Unnamed: 0,token,freq
39,ausfallen,191
117,defekt,132
380,leuchte,126
411,mast,92
105,brunnen,90
349,lampe,89
381,leuchten,63
336,komplett,59
363,laterne,50
77,beleuchtung,50


Interpretation
	•	High-frequency terms clearly reflect core municipal issue themes, such as:
	•	Infrastructure failures
	•	Street lighting
	•	Traffic signals
	•	Water features and waste
	•	No obvious noise tokens or stopword leakage are present.

Assessment
	•	The vocabulary preserves domain-relevant semantics.
	•	The preprocessing and vectorization steps successfully retained meaningful signal.

In [8]:
# Sparisty per document
tokens_per_doc = (X > 0).sum(axis=1).A1

tokens_per_doc.min(), tokens_per_doc.mean(), tokens_per_doc.max()

(1, 4.994553376906318, 40)

Interpretation
	•	The complaints are short texts, with an average of ~5 tokens per document after cleaning.
	•	A small number of documents contain only a single token (e.g. “ausgefallen”), which is typical for municipal issue reports.
	•	Some longer descriptions (up to 40 tokens) exist and provide richer context, which helps stabilize topic modeling.

Assessment
	•	This distribution is expected for Open311-style complaint data.
	•	While short documents can limit topic granularity, the dataset still contains sufficient semantic signal.
	•	No additional filtering is required at this stage.

In [9]:
X_tfidf = load_npz("data/vectorized/lda/lda_tfidf_matrix.npz")

print(X.nnz / X.shape[0])
print(X_tfidf.nnz / X_tfidf.shape[0])

4.994553376906318
4.994553376906318


Interpretation
	•	Both Bag-of-Words and TF-IDF representations contain the same number of non-zero entries per document.
	•	This confirms that TF-IDF reweights terms but does not alter the underlying sparsity structure.

Assessment
	•	The two vectorization techniques are directly comparable.
	•	Any differences in topic modeling results will be attributable to term weighting, not preprocessing artifacts.

In [10]:
tfidf_means = np.asarray(X_tfidf.mean(axis=0)).ravel()
top = np.argsort(tfidf_means)[-20:]
[(tfidf_vocab[i], tfidf_means[i]) for i in reversed(top)]

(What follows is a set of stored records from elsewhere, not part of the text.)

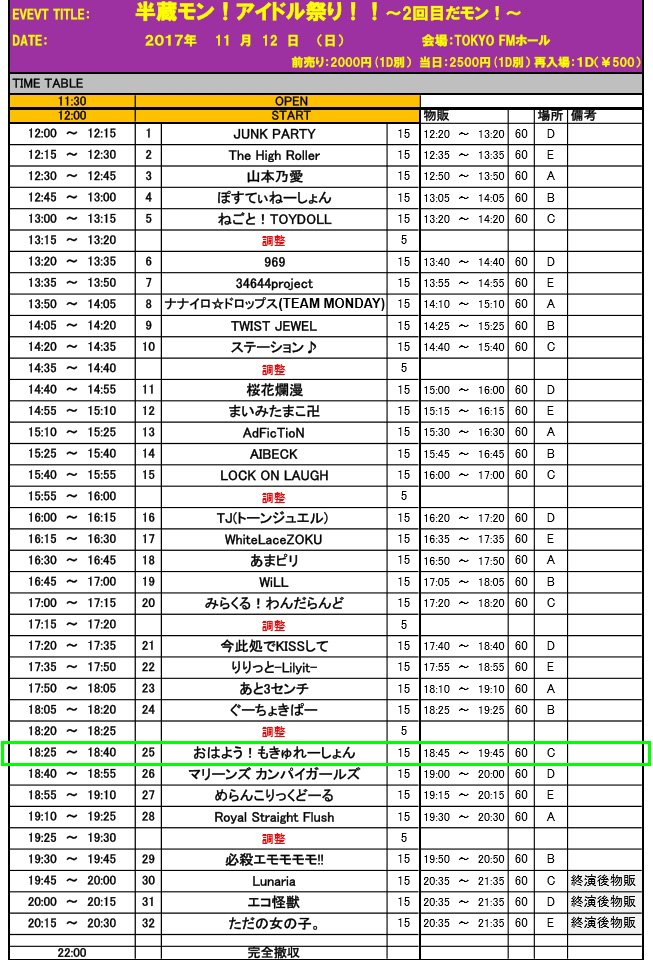 2017/11/12(日)『半蔵モン!アイドル祭り!!』出演情報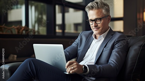 laptop, business, businessman, office, working, smiling, computer, work, sitting, lobby, notebook, desk, manager, technology, photogenic, people, men at work, looking, smile, cyberspace, professional, job, person, man, success, table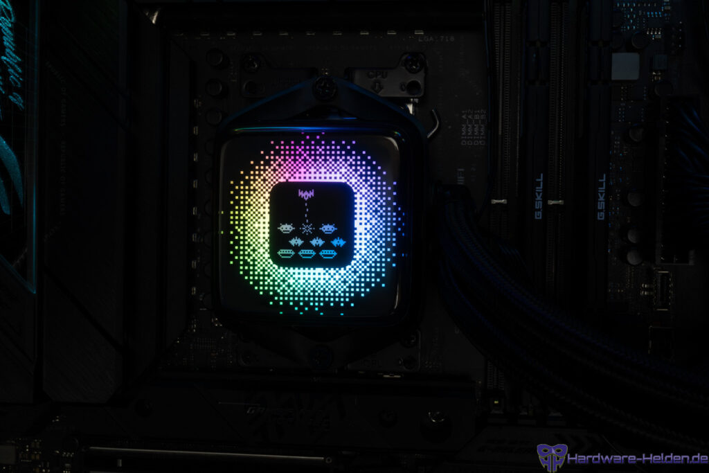 Das Pumpengehäuse verfügt über eine ARGB-Beleuchtung und unter dem transparenten Deckel können die Folien eingelegt werden. Damit sind auch abseits der Beleuchtung unterschiedliche Designs möglich. Gegen eine AiO mit Display natürlich wenig funktional und nicht sonderlich modern, aber dafür günstiger.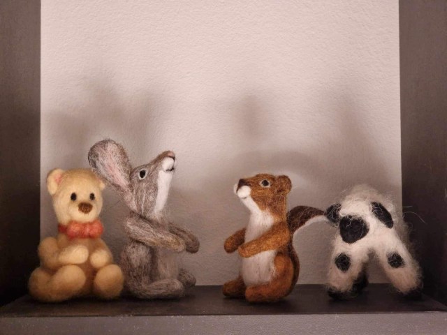 Det har varit vovvar i miniformat, mellan format och större format. Jag har fått äran att tova en katt och andra djur, både nya och nygamla. Även några figurer och dockor har sett dagens ljus, med våttovade tygstycken till kläder. Lite återbruk blev det när två gamla glasburkar förvandlades till ull lyktor.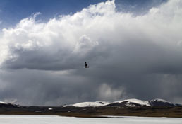 經(jīng)常在青藏高原工作,見到野生動(dòng)物對我而言并不是什么新的事情,但是這次去麥地卡的途中,在同一區(qū)域內(nèi)見到多種不同種類的野生動(dòng)物卻是頭一次。赤麻鴨、斑頭雁在去往麥地卡的途中隨處可見。麥地卡濕地內(nèi)縱橫遍布著108個(gè)大小湖波,湖面上不時(shí)會(huì)飛過各種色彩艷麗、體型矯健,但是卻叫不上名字的水鳥。在這里我第一次知道了鵟這種高原猛禽。大開眼界,可以說是這次到麥地卡采訪的最初感受。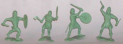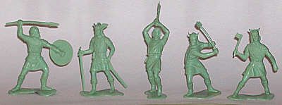 Original Marx 54mm Vikings were cast in this mint green. The set had two sets of Vikings, for a total of 18 Norsemen. |
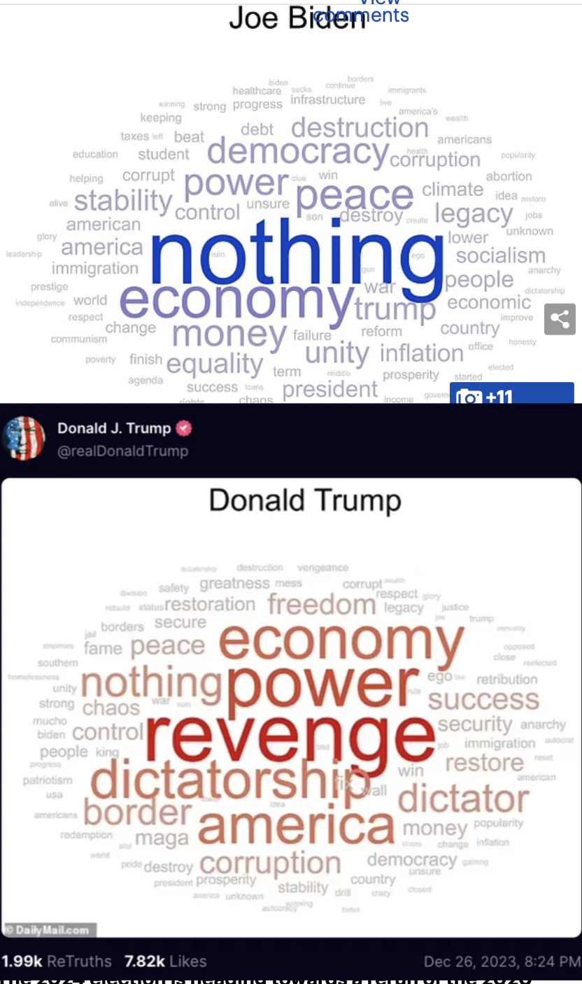 The artile from The Daily Mail, “Voters describe their 2024 choice between a Trump second term and a Biden second term as a choice between REVENGE or NOTHING in Daily Mail poll.”

[('ausfallen', 0.06811506872020248),
 ('leuchte', 0.058020352149674055),
 ('defekt', 0.05137879254587185),
 ('mast', 0.03719220622876415),
 ('lampe', 0.03266920163313266),
 ('leuchten', 0.025904562939074605),
 ('komplett', 0.02475369719785844),
 ('brunnen', 0.024453050065529985),
 ('licht', 0.02412279608641433),
 ('beleuchtung', 0.022306561459963202),
 ('dunkel', 0.018957822436670102),
 ('laterne', 0.018735438419480988),
 ('funktionieren', 0.014851177203165426),
 ('röhre', 0.01484489983295294),
 ('straßenlaterne', 0.014173669174849659),
 ('ecke', 0.014074454660146923),
 ('liegen', 0.01403574448520288),
 ('fehlen', 0.013021792220663526),
 ('ampel', 0.012847347302876951),
 ('höhe', 0.012512371305062315)]

**TF-IDF Feature Inspection — Interpretation**

The listed terms have the highest **average TF-IDF scores** across documents, meaning they are
globally informative rather than just frequent.

- Dominated by **domain-specific failure terms** (*ausfallen, defekt, leuchte, lampe*).
- No generic stopwords → **cleaning and vectorization are effective**.
- Strong semantic coherence around **infrastructure faults and lighting**.
- High overlap with BoW results → **stable and consistent feature space**.

**Conclusion:**  
TF-IDF features are well-formed and suitable for LDA topic modeling. No changes needed.